=== WORK REQUIRED ===
When you reach the line containing "and quartz countertops.", please repeat it and every line after it exactly, through the end of the listing below, skipping pictures.

=== INFORMATION PROVIDED ===
..........
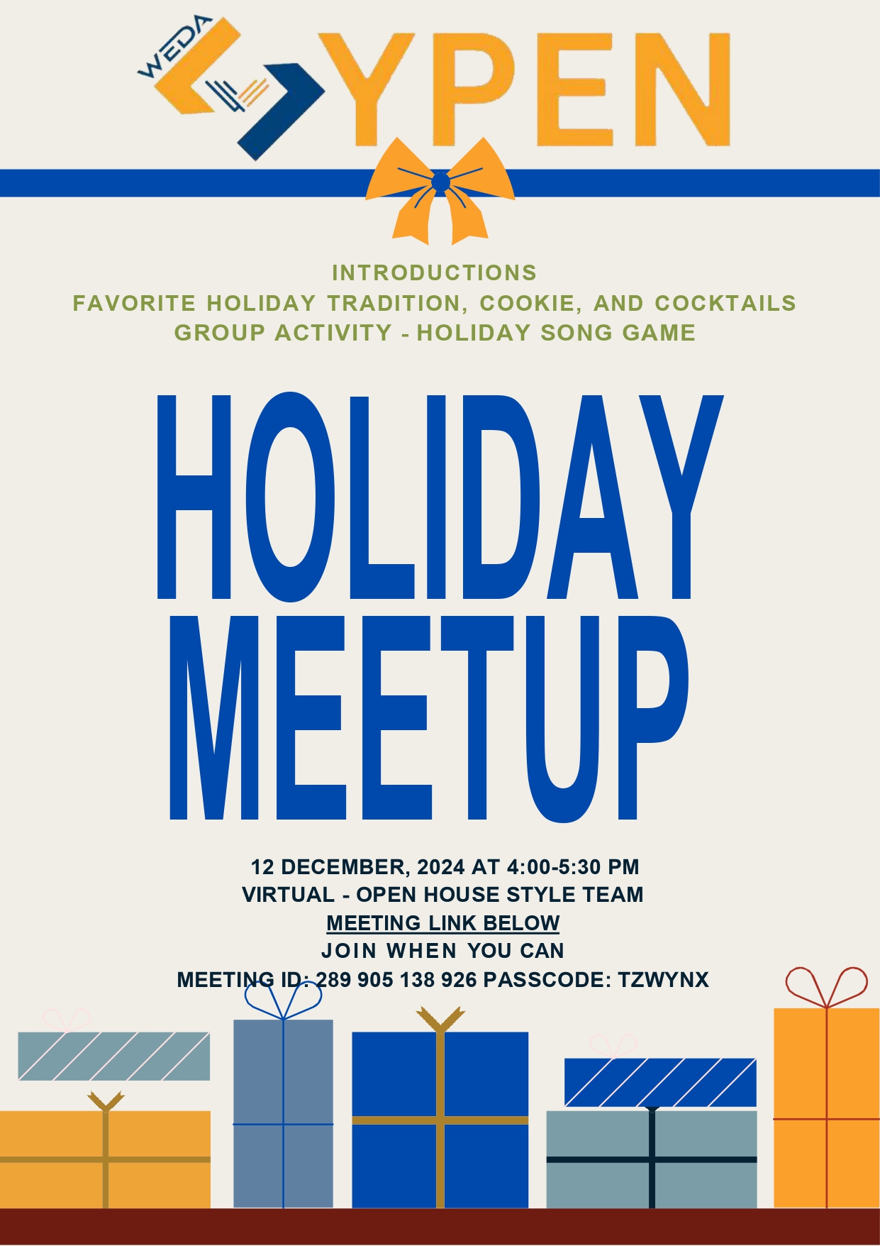 So what could be better than a Holiday (Virtual) Meetup! Please join us, or share this fun opportunity with someone who could benefit from getting to know our YPEN group. Have some fun while being a part of the next generation of economic developers making a difference in Wisconsin.
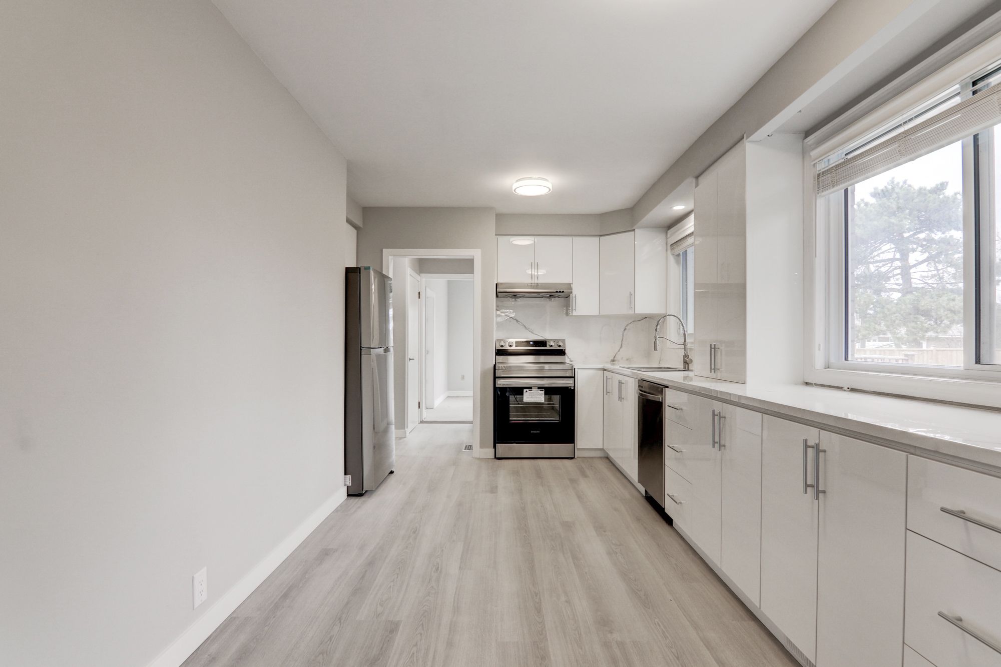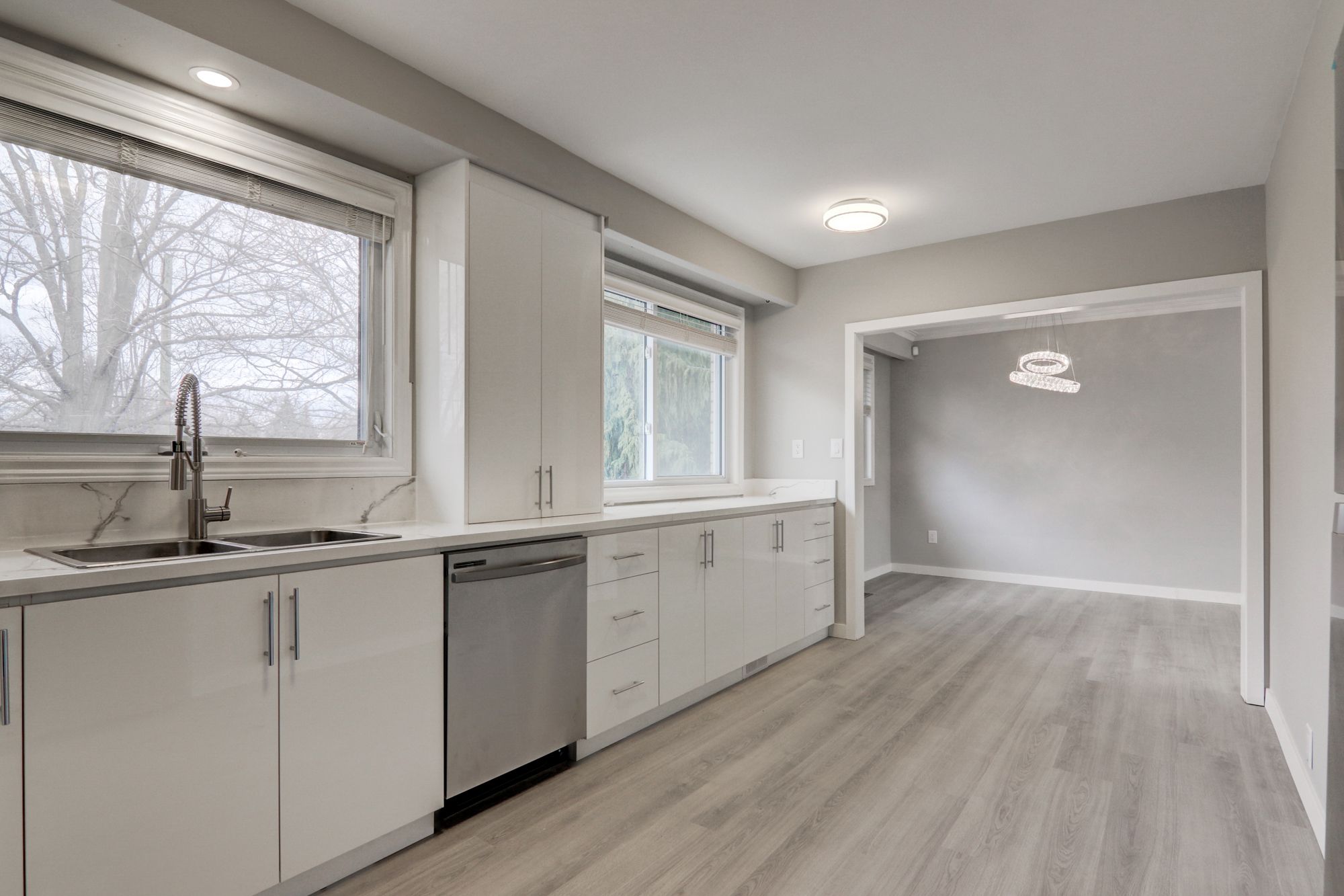 • Modern kitchen with stainless steel appliances and quartz countertops.
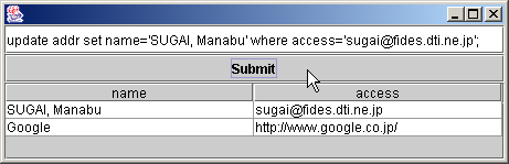 | 図:JDBCSwingUpdateの実行結果 |
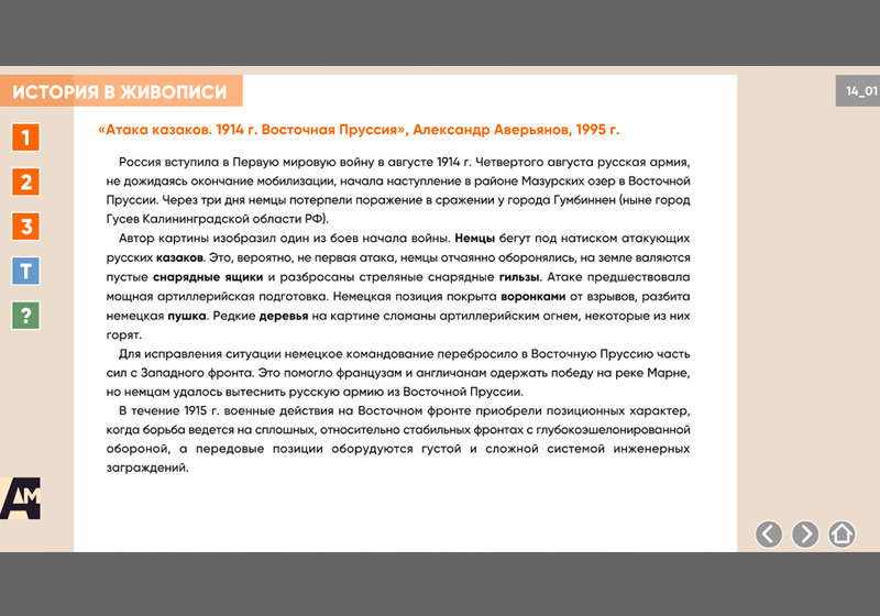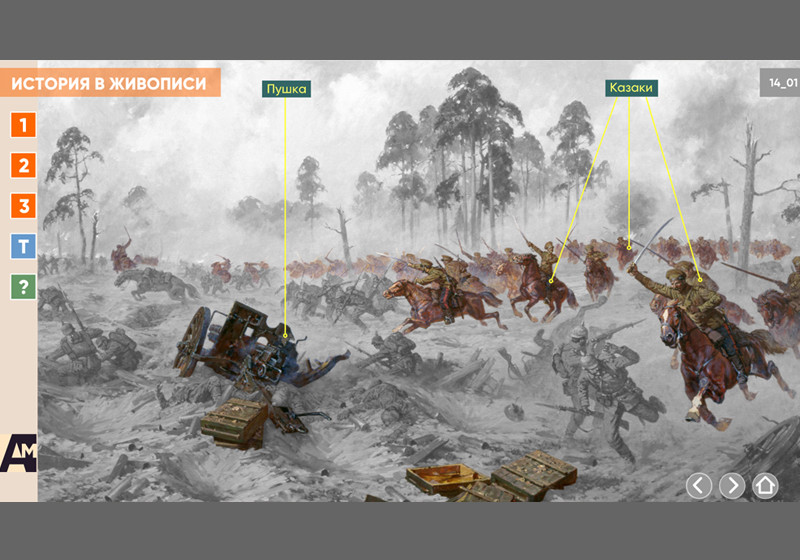 Интерактивная картина. Художественное полотно на историческую тему представлено в трех вариантах: цветная иллюстрация, цветная иллюстрация с выносками, черно-белая иллюстрация с возможностью включать цветной режим и выноски для отдельных элементов. Файл также включает краткое описание картины и задания к ней.
..........
=== OUTPUT ===
 • Modern kitchen with stainless steel appliances and quartz countertops.
 | 図:JDBCSwingUpdateの実行結果 |
 Интерактивная картина. Художественное полотно на историческую тему представлено в трех вариантах: цветная иллюстрация, цветная иллюстрация с выносками, черно-белая иллюстрация с возможностью включать цветной режим и выноски для отдельных элементов. Файл также включает краткое описание картины и задания к ней.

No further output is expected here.